Nevertheless it remains awesome and underlines Tamerlane’s boast “Let he who doubts our power and munificence look upon our buildings”. The open park behind Ak-Seray used to have a statue of Lenin but, since 1996, it has displayed a huge statue of local hero Tamerlane. 

Since my visit in 2006, much of central Shakhrisabz has been destroyed and replaced by open areas which seemingly are popular with the locals but angered the administrators of the UN World Heritage Site scheme. 

Besides the Ak Serai, the other main place to be visited in Shakhrisabz is a pair of ensembles called Dor-us-Siadat (Seat of Power and Might) and Dor-ut-Tilavat (Seat of Respect and Consideration). In 2006, we saw both but, on this visit, we only went to the first because our guide insisted that the second had been reconstructed used in a very poor style.  

Dor-us-Siadat is a crumbling mausoleum that was built to honour Jehangir, the eldest and favourite son of Tamerlane who was killed in 1375 aged only 22 when he fell from a horse. Behind the mausoleum is a crypt discovered in 1943 when a child playing football fell through the ground. This is still called Tamerlane’s crypt although he was never buried here and the simple musty room seems far too plain for such a conqueror.
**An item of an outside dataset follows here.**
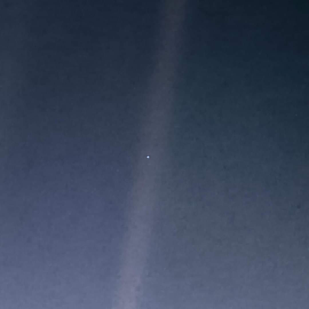 ...который производит впечатление не только на неокрепшие умы вроде моего. Фотографию сделал в 1990 году, через 13 лет после запуска, космический зонд "Вояджер-1". Это портрет планеты Земля с расстояния 6'000'000'000 (шесть миллиардов) километров. Два зонда держат путь в глубины космоса и несут золотые пластинки с записью послания человечества внеземным цивилизациям. Один из авторов проекта "Вояджер" по исследованию дальних планет, руководитель международной комиссии по созданию золотых пластинок, выдающийся астрофизик и пионер поисков инопланетного разума Карл Саган был одним из первых, кто увидел этот снимок — и написал: "Взгляните ещё раз на эту точку. Это здесь. Это наш дом. Это мы. Все, кого вы любите, все, кого вы знаете, все, о ком вы когда-либо слышали, все когда-либо существовавшие люди прожили свои жизни на ней.

We were back in Samarkand in time for a late lunch in a grand restaurant named after the city. Before we left the restaurant, Timur broke the news that, two days before we were due to enter the fifth and final country of our tour, Turkmenistan had decided not to admit us. This is in spite of all the reassurances from VJV before our departure that we could purchase a visa for $100 at the Turkmenistan border. At this stage, we have no idea what the revised arrangements will be.

After a leisurely dinner at one more city restaurant, the “Istiqlol”, we continued with our planned itinerary by taking an evening train from Samarkand to Bukhara.  This is a journey of 276 km (170 miles) which took an hour and a half in comfortable style.